Main substantive findings

In this large-scale representative sample of the Scottish population we have elucidated the mediatory role of birth weight in the relationship between socioeconomic disadvantage and childhood growth in terms of height and overweight. Using two different approaches (traditional and counterfactual-based mediation analyses) we found broad agreement that: i) there was a strong, graded, negative ‘effect’ of each measure of socioeconomic disadvantage on height at age 4.5 years which was mediated to some extent by birth weight and ii) there was a strong, graded, positive direct ‘effect’ of each measure of socioeconomic disadvantage (with the exception of synthetic income) on overweight at age 4.5 years which was partly masked by inconsistent mediation by birth weight.

These findings suggest that increased birth weight in more disadvantaged groups may be associated with reduced social inequalities in height but also with increased inequalities in overweight. Birth weight could potentially be a modifiable target of intervention through, for example, programmes designed to improve maternal nutrition or deter maternal smoking during pregnancy [58, 59, 60].
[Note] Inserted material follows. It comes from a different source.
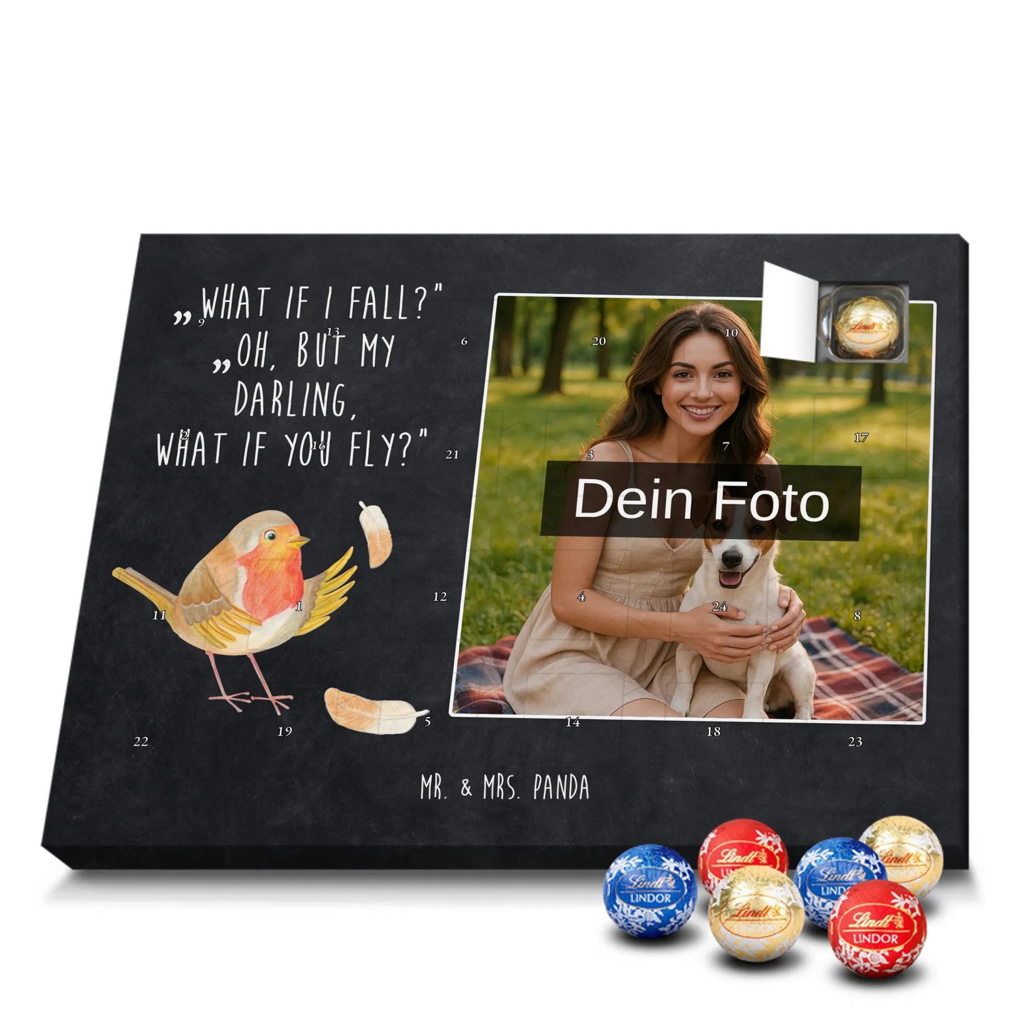 Unser bezaubernder Personalisierter Schokoladen Foto Adventskalender von Mr. & Mrs. Panda bringt persönliche Freude in die Vorweihnachtszeit. Du lädst ein Foto hoch, wir drucken es zusammen mit unseren liebevollen Illustrationen und Sprüchen – so entsteht ein ganz persönliches Geschenk. Achte auf hohe Bildqualität und darauf, dass der Bildausschnitt passt, denn wir nehmen keine Anpassungen am Foto vor. Die Verarbeitung ist hochwertig: seidenmatte Oberflächenveredelung, bedruckte Seitenflächen und eine stabile Konstruktion. Der Kalender kann sowohl aufgehängt als auch aufgestellt werden – flexibel und hübsch. Maße: 233 mm x 178 mm x 24 mm. Gefüllt mit Lindt Lindor Markenschokolade: 24 einzeln verpackte Markenschokoladen Kugeln, Sorten: Vollmilch, Feinherb und Weiße Schokolade. Zutatenhinweis: Zucker, pflanzliches Fett, Kakaobutter u.v.m.; kann Spuren von Haselnüssen und Mandeln enthalten. Wichtig: Lade nur Fotos hoch, für die du Nutzungsrechte hast; personalisierte Foto-Artikel sind vom Umtausch ausgeschlossen. Verschenke einen Advent mit Herz von Mr. & Mrs. Panda.

Main methodological findings

Several assumptions must hold in order for us to obtain unbiased estimates of the NDE and NIE using G-computation, in particular: i) no unmeasured exposure-mediator confounding, ii) no unmeasured exposure-outcome confounding, iii) no unmeasured mediator-outcome confounding, iv) correct specification of the parametric models. We believe that we included the main exposure-mediator-outcome confounders (sex, year of birth, Health Board, ethnicity) and additional mediator-outcome confounders (maternal age, parity), which should reasonably capture biological, geographical and temporal sources of confounding, so are hopeful that assumptions i), ii) and iii) hold. All covariates entered the models as categorical variables so there was limited scope for model misspecification and we found no evidence of exposure-mediator or exposure-confounder interactions in any models, so these were not included (assumption iv)).
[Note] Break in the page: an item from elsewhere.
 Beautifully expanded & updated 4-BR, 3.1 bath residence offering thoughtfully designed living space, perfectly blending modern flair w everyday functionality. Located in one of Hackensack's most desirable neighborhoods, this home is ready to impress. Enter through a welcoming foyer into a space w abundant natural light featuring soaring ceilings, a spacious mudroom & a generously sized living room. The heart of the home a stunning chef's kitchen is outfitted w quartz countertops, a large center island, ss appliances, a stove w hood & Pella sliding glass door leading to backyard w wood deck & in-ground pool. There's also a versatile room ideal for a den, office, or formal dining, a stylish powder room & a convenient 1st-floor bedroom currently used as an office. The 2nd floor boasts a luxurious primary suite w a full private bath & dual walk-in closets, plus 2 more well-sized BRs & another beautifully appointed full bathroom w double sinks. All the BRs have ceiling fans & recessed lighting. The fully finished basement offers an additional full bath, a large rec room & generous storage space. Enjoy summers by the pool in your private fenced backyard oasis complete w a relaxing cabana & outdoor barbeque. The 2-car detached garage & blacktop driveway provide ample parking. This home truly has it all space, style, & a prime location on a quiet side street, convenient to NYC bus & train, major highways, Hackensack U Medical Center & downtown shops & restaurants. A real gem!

For continuous outcomes, in the absence of intermediate confounding (but with the above assumptions holding) the direct and indirect effects estimated under the traditional mediation analysis are consistent estimates of the NDE and NIE [61]. When considering height at age 4.5 years the estimated extent of mediation was greater under the traditional mediation analysis than under the counterfactual-based mediation analysis. This suggests that the observed differences in the results are due to intermediate confounding by maternal age and parity, which is correctly controlled for only in the counterfactual-based mediation analysis. This approach thus provides the more appropriate estimate of the extent of mediation.
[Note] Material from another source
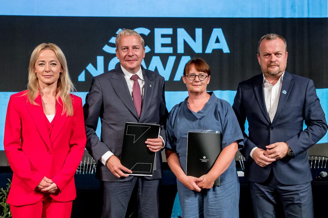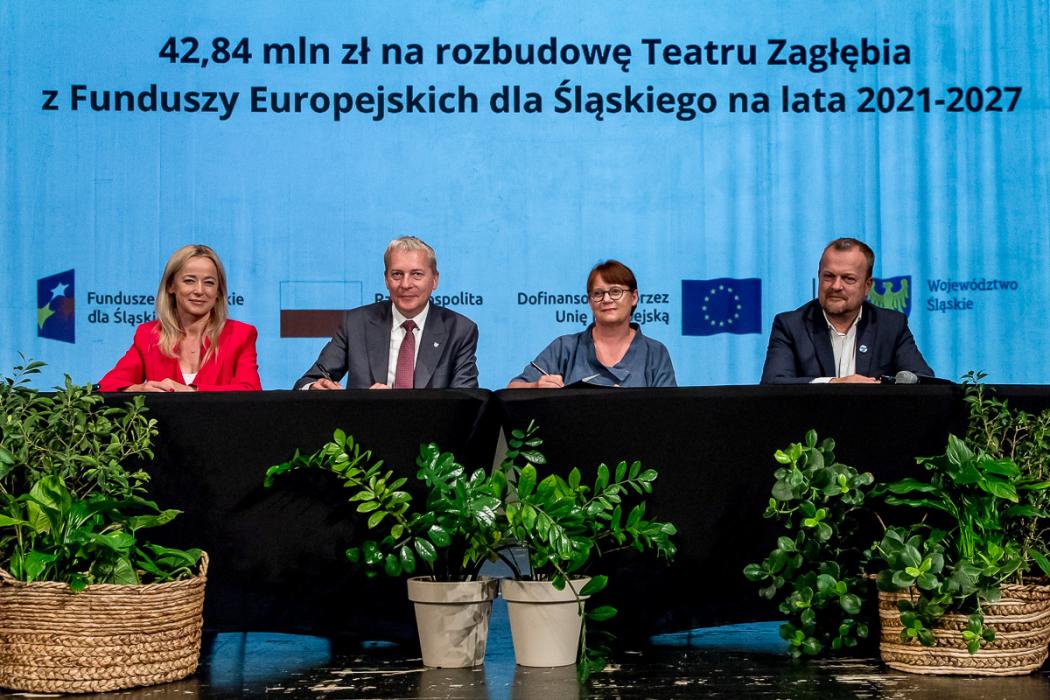 W uroczystym podpisaniu umowy na dofinansowanie rozbudowy teatru uczestniczyli marszałek Wojciech Saługa, prezydent Sosnowca Arkadiusz Chęciński oraz przewodnicząca rady miejskiej w Sosnowcu Anna Jedynak-Rykała i dyrektor Teatru Zagłębia Iwona Woźniak.

Comparison of the results relating to overweight at age 4.5 years between the two analysis approaches is less straightforward. Even if the above assumptions hold and there is no intermediate confounding then the ‘direct effect’ and ‘indirect effect’ estimated under the traditional mediation analysis are not consistent estimates of the NDE and NIE due to the non-collapsibility of the OR [62]. It has recently been shown that the traditional mediation analysis will provide an overestimate (in absolute terms) of the NDE, leading to a corresponding bias in the estimated NIE [44]. In the present study we found the traditional mediation analysis to give an overestimate of the direct effect relative to the counterfactual-based mediation analysis, but it is not possible to distinguish between bias due to the non-collapsibility of the OR and bias due to incorrect control of intermediate confounding.

Previous studies

Our finding of shorter childhood stature in more disadvantaged socioeconomic groups is in line with many previous studies [510], as is our observation of greater overweight in more disadvantaged socioeconomic groups [7, 8, 17, 18, 2027, 29].

Although much previous research has suggested birth weight as a plausible mediator of the effect of social disadvantage on height or overweight, few studies have explicitly examined this mediation. Armstrong et al [35] used data from the CHSP Pre-school and analysed health records of 74,500 children aged 3–4 years in 1998–99. In comparing the most deprived (based on area-level Carstairs Deprivation Category) with least deprived, the odds ratio for obesity was 1.30 (95% CI: 1.05, 1.60), and when adjusting for birth weight the adjusted OR increased to 1.43 (95% CI: 1.16, 1.77), giving a proportion mediated of 0.21. Considering the differences in analysis approach, these results are very similar to those in the present study. However, the analysis of Armstrong et al [35] does not correctly account for intermediate confounding.

Representativeness and generalisability

The CHSP Pre-School was implemented in different years in different Health Boards (mean 1994, range 1991 to 2000), meaning that not all births between 1991 and 2001 were eligible to have all childhood anthropometric measurements taken. Those measurements which could not be observed as they preceded the implementation of the CHSP Pre-School are systematically missing. The growth models required a minimum of one observation so that as many children as possible contributed to the analysis, with information borrowed from other children with more complete growth data. The lack of evidence for an interaction between Health Board and any of the exposures with respect to either of the outcomes suggests that our results remain representative of the target population.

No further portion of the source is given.